Con su habitual sagacidad,
Gonzalo Fernández de la Mora vio en
Ética y política una clara ruptura con la anterior trayectoria intelectual de López-Aranguren, «un acusado despegue del liberalismo y una voluntad de comprensión del marxismo que contrasta con un menosprecio bastante marcado hacia la filosofía tradicional, que el autor silencia de modo casi total»
[26].
Fernández de la Mora predecía que la figura de López-Aranguren se perfilaba «más como la de un moralista y un predicador que como un metafísico y un teórico puro»
[27].
A partir de este libro se inicia, pues, una clara inversión de la trayectoria político-intelectual de López-Aranguren. Fue su última obra sistemática y digna de tenerse en cuenta. Su producción posterior se convirtió en una larga retahíla de artículos periodísticos, conferencias y libros coyunturales y apresurados, en cuyo contenido destaca, sobre todo, la pasión política y crítica. En ello tuvo que ver, desde luego, su errónea e injusta expulsión de la Universidad en 1965. Y es que, a su labor docente, López-Aranguren añadió frecuentes críticas a la Universidad española
[28], que culminarían el 24 de febrero de 1965, cuando, tras aceptar la invitación de una Asamblea Libre Estudiantil, en la que se iba a plantear la formación de asociaciones universitarias independientes del
S.E.U. y ponerse a la cabeza de una manifestación silenciosa reivindicativa de aquella petición, junto con los también catedráticos
Enrique Tierno Galván y
Agustín García Calvo, fue detenido, procesado y separado de la cátedra. Lo que, por parte del régimen, resultó ser, a la larga, un tremendo error, que no sólo radicalizó las posiciones políticas de López-Aranguren, sino que contribuyó de manera importante a enajenarle el apoyo de los intelectuales, en gran parte ya hegemonizados por una izquierda, que florecería a finales de los años sesenta y tendría su cenit en los años de la transición al Estado de partidos.

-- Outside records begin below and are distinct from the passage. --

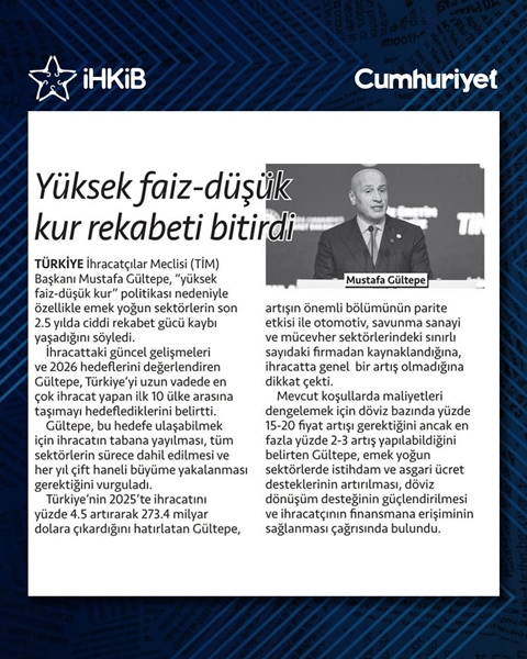 TİM: 'Yüksek Faiz Düşük Kur'la Rekabetçilik Zayıfladı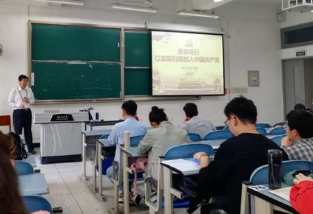 一些优秀的典型人物介绍,邰书记告诉我们,信仰共产主义,全心全意为人民服务,为共产主义奋斗终身才是正确的入党动机。在生活中,我们应以党员的标准要求自己,以实际行动加入中国共产党。课程结束后,徐灿国老师做了总结发言,他希望同学们结合邰书记的讲课内容,谨记历史使命与时代责任感,在大学中通过学习不断充实自己,充分利用大学资源,完善自己,拔高自己的人生境界。通过这次党课,使学员们思想上进一步端正了入党动机,增强了实现中国梦的新时代历史责任感。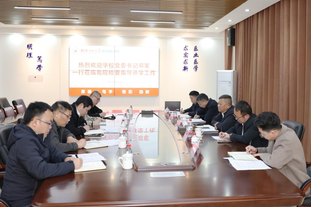 根据学校2024年春季学期开学有关工作安排,3月7日下午,学校党委书记邓军在党办(校办)主任张成龙、本科生院院长康志强、党委组织部副部长邓炼、本科生院杨硕老师等陪同下到我院进行新学期开学工作检查。学院党政领导班子成员参加了座谈。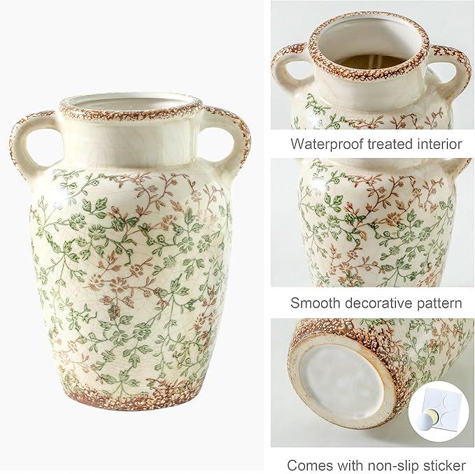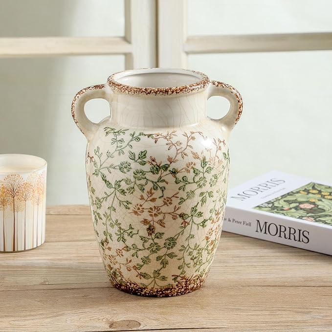 Enra Farmhouse Vintage vase with Handle,9.4 in Ceramic Chinoiserie Floral Vase,Green and Beige Decorative Flower vase,Large Rustic Vases for Home Decors, Living Room, Bookshelf, Office

Tras su expulsión, impartió conferencias y cursos en Suecia, Dinamarca, Francia, Italia y México; tuvo estancias en Estados Unidos: en las universidades de Texas (Austin), California (San Diego), Indiana, Puerto Rico, hasta obtener un puesto de profesor permanente en la Universidad de Santa Bárbara, en plena euforia hippie y efervescencia del pathos sesentayochista. Conoció, en aquellos momentos, a
Herbert Marcuse. Y de ahí en adelante siempre existiría en su pensamiento una profunda nostalgia de aquel espíritu de rebeldía e iconoclastia. En uno de sus últimos artículos sostuvo que «el de joven del 68 sigue siendo un no mal disfraz»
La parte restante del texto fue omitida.